MATERIAL TO PROCESS Block Start

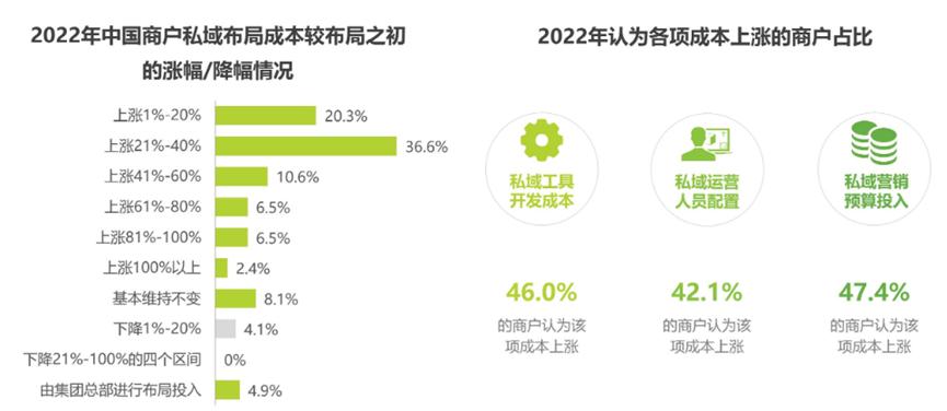 据艾瑞咨询统计,2022年布局私域的商户中,超80%的比例认为私域成本较布局之初有所上涨,且多数认为成本上涨幅度为21%-40%(36.6%)、1%-20%(20.3%),且上述成本的上涨主要被用作私域工具的开发、私域运营人员的配置、以及私域营销做出的预算投入。
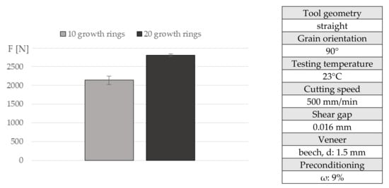 Due to the correlation between the number of growth rings and the cutting force, investigations comparing the values for 10 ± 2 growth rings and 20 ± 2 growth rings were carried out. The results are shown in Figure 13. It could be detected that by halving the amount of growth rings to around 10, the cutting forces were 23.86% lower.
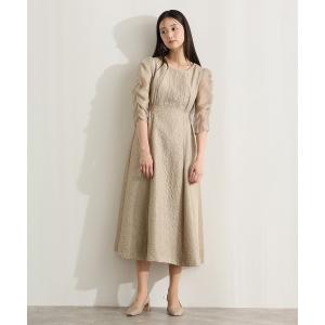 ドレス 結婚式ワンピースダマスク柄ミモレ丈、ドレス
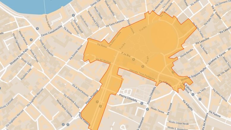 - divieto di transito a tutti i veicoli e ai pedoni, all’interno delle strade che ricadono nella zona gialla, eccetto i titolari di apposito pass rilasciato dal Comune di Verona
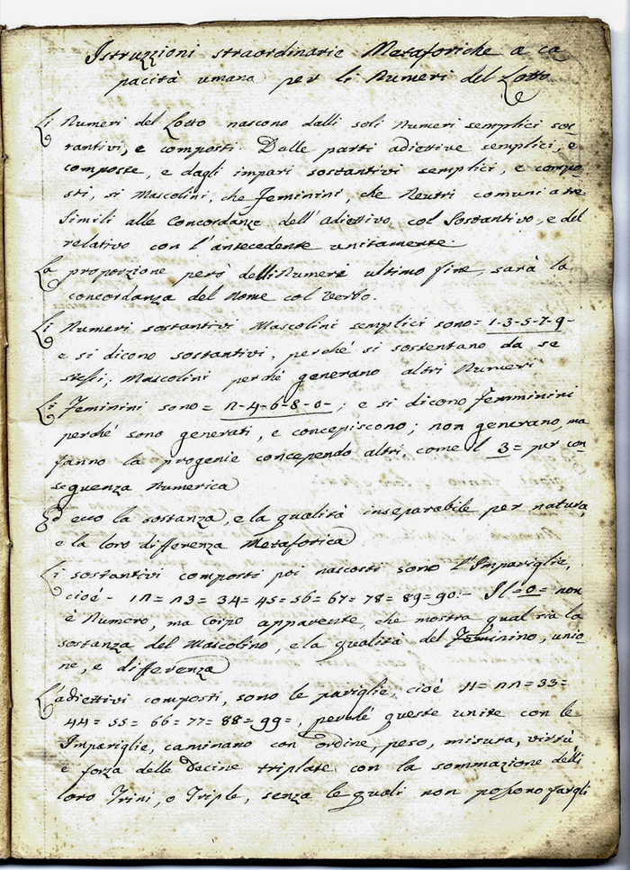 Il testo riporta alcune regole del Lotto redatte dal Benincasa: «Istruzioni straordinarie Metaforiche a capacità umana per li numeri del Lotto», «Vero modo di cavare per ordine li futuri estraendi [...]», «Arte gabalistica di Rosilio».

MATERIAL TO PROCESS Block End

EXERCISE PROMPT — Could you restate all of the data above word for word and skip every picture?

RESPONSE AREA —
 据艾瑞咨询统计,2022年布局私域的商户中,超80%的比例认为私域成本较布局之初有所上涨,且多数认为成本上涨幅度为21%-40%(36.6%)、1%-20%(20.3%),且上述成本的上涨主要被用作私域工具的开发、私域运营人员的配置、以及私域营销做出的预算投入。
 Due to the correlation between the number of growth rings and the cutting force, investigations comparing the values for 10 ± 2 growth rings and 20 ± 2 growth rings were carried out. The results are shown in Figure 13. It could be detected that by halving the amount of growth rings to around 10, the cutting forces were 23.86% lower.
 ドレス 結婚式ワンピースダマスク柄ミモレ丈、ドレス
 - divieto di transito a tutti i veicoli e ai pedoni, all’interno delle strade che ricadono nella zona gialla, eccetto i titolari di apposito pass rilasciato dal Comune di Verona
 Il testo riporta alcune regole del Lotto redatte dal Benincasa: «Istruzioni straordinarie Metaforiche a capacità umana per li numeri del Lotto», «Vero modo di cavare per ordine li futuri estraendi [...]», «Arte gabalistica di Rosilio».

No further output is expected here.